A Trinitarian / Ecclesial Tapestry  Robert Saler reflects on living into the economy of trinity and church.

Care for Creation Commentary on the Revised Common Lectionary

Readings for the Fourth Sunday of Easter, Year C (2016, 2019, 2022, 2025)
Acts 9:36-43
Psalm 23
Revelation 7:9-17
John 10:22-30

The Acts 9 reading for today is a clear instance of how the logic of Acts’ depiction of the early church works. In what we would today call a “callback” to Luke 8, Peter resurrects a woman who has died—in this case, a disciple of Jesus. Meanwhile, in the John reading, Jesus has a plain occasion against his opponents to state—in the high Christological fashion characteristic of that gospel—the plain fact of his literal identity with the Father: “the Father and I are one.”

Taken together, the readings weave a sort of Trinitarian/ecclesial tapestry. What is the point of the Trinity? It is that the character of Jesus reveals the character of God. William Placher, the late professor of theology at Wabash College, was fond of telling a poignant story wherein he was at the bedside of a dying woman. Turning to him as her resident theology expert, she said to him, “Bill, I just have one question. Is God really like Jesus?” As this dying woman prepared to meet the God whom she had worshipped most of her life in church, her main question was whether the character of that God is trustworthily revealed in what we know of Jesus from the gospel accounts.
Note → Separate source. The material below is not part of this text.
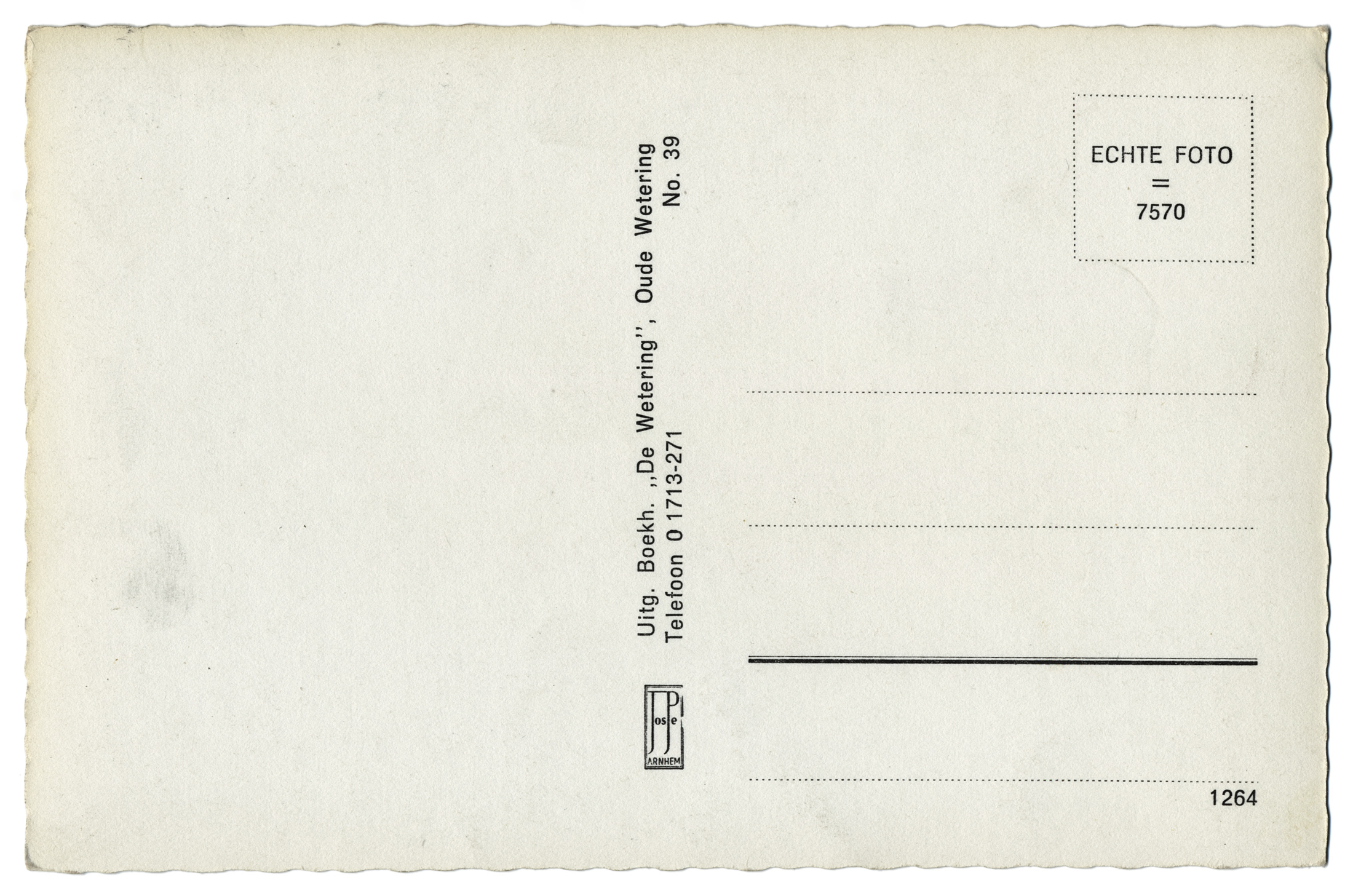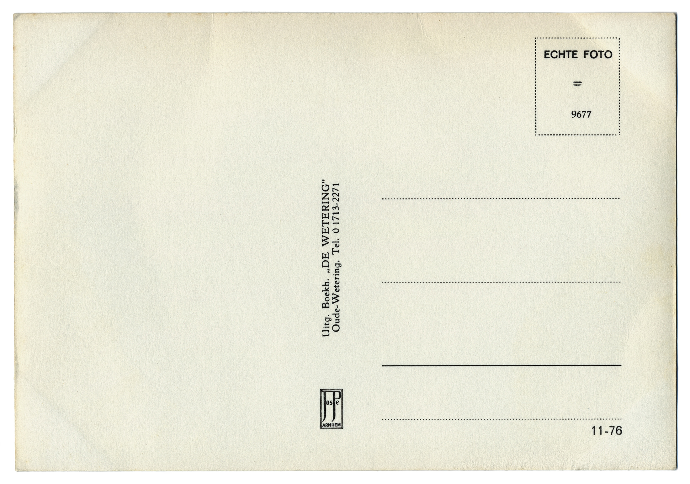 1,62 MB | '''Oude-Wetering - Overzijde''' Producent: Jospé Arnhem Uitgave: De Wetering * Locatie: Westerdijk, Wetering Het fotomateriaal mag niet commercieel worden ingezet. Bij gebruik aub het volgende vermelden: '''''Collectie kleinrondleimuiden.nl | CC BY-NC-ND 4.0''''' | 1 |

The point of Trinitarian theology, behind all of its metaphysical nuances and exegetical subtlety, is really to be able to give a “yes” answer to that question.

And if Jesus truly reveals the character of God, then the point of the parallelism between the Jesus of the Gospels and the early church in the book of Acts is to continue that symmetry and identity even further. Jesus is really like God, and when the church is at its best, it is “really like” Jesus. Jesus suffers on the cross: this event has implications in the life of God, and it creates a church that is willing to suffer rather than dominate (at least, at its best!). The church has, clearly, failed spectacularly at various points in history to live into this symmetry—and indeed, no more so than when the church is powerful on cultural and political terms. But the vision is still present, and it still finds embodiment in countless (largely anonymous) works of care and humility throughout time and space. As the theologian Bruce Marshall has stated, the church is not a by-product of the gospel; the church is part of the gospel itself. The real body of Jesus of Nazareth gives way to the real body of Christ formed by the church community acting in the name and Spirit of Jesus.

For those engaged in the work of creation care, then, this Sunday is a chance to reflect on what it means to live into this symmetry in a world imperiled by our radical failures to live lives of love, healing, and reconciliation. If, as activists say, “the master’s tools cannot dismantle the master’s house,” then environmental activists cannot actively mimic the ways of domination that got our planet into its mess. This is not to say that we do not occasionally engage in leveraging power through community organization, politics, etc.—indeed, those are crucial parts of environmental activism. But the church’s role is to ground such action in a broader economy of God’s salvation such that people look to the church’s action and see in it the sort of logic that drove the early church to model itself upon a crucified and resurrected Galilean peasant.

If Jesus truly shows God, and the church truly shows Jesus, then how does the church go about the work of healing creation as Jesus did? What implications does this have for particularly Christian modes of environmental action, even as part of that answer surely involves solidarity with non-Christians? This Sunday is a rich time to reflect on these questions in robustly Trinitarian, ecclesially rich fashion.